Au début du siècle, les Tchokwés étaient un simple peuple de chasseurs menant une existence nomade dans le Nord-Est de l’actuel Angola. A partir des années 1840, les Tchokwés vendent de plus en plus d’ivoire à des intermédiaires traitant à leur tour avec des sociétés portugaises basées sur la côte Atlantique. Récoltant en outre le caoutchouc dans la forêt, les Tchokwés échangent ces matières premières contre des fusils et de la poudre. En accroissant leur arsenal, ils déploieront la chasse aux éléphants tout en développant considérablement leur puissance militaire jusqu’à s’imposer comme une force incontournable.

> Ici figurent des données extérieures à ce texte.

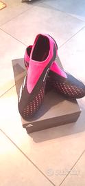 bellissime scarpette da calcio / calcetto con tacchetti senza lacci.. avvolgenti e nere e fucsia

La surexploitation finit toutefois par épuiser les ressources de caoutchouc, les défenses d’éléphant se raréfiant simultanément. Les Tchokwés migrent alors vers le nord, longeant les cours du Kwango et du Kasaï à la recherche de nouveaux terrains de chasse et de forêts riches en caoutchouc. Ils atteindront ainsi le puissant royaume de Lunda, régnant depuis le XVIIIe siècle sur le sud des bassins du Kasaï et du Sankuru dans le Congo actuel. Au départ, la venue des Tchokwés est acceptée par les Lundas qui leur permettent de s’adonner à la cueillette et à la chasse moyennant la cession d’une partie de leur ivoire et de leur caoutchouc aux dirigeants locaux.

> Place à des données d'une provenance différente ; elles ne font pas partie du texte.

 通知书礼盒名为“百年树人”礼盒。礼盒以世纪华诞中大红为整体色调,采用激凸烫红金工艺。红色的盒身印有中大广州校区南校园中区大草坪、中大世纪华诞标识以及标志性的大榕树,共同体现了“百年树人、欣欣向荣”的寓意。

Avec l’expansion commerciale qui fait gagner le peuple Tchokwé en richesse et en puissance, le rapport de force avec les Lundas tourne à son avantage. Cédant progressivement à ces derniers la chasse et la récolte, les caravaniers tchokwés transportent leurs produits vers la côte et en reviennent chaque fois avec plus d’armes et de munitions. En conséquence, le commerce d’hier est remplacé par des pillages et des demandes d’impôts : pourquoi payer des défenses d’éléphant ou du caoutchouc quand il suffit de s’en emparer par la force ? Les Lundas ne pouvant plus rivaliser avec les Tchokwés et leur arsenal, ceux-ci s’approprient une province après l’autre. Et dans un royaume de plus en plus morcelé, ils parviendront à museler toute opposition en attisant la concurrence interne entre les diffé-rentes factions lundas. Grâce à des alliances avec différents clans, ils se rendent maîtres de vastes parties du royaume lunda, jusqu’à la capitale Musumba.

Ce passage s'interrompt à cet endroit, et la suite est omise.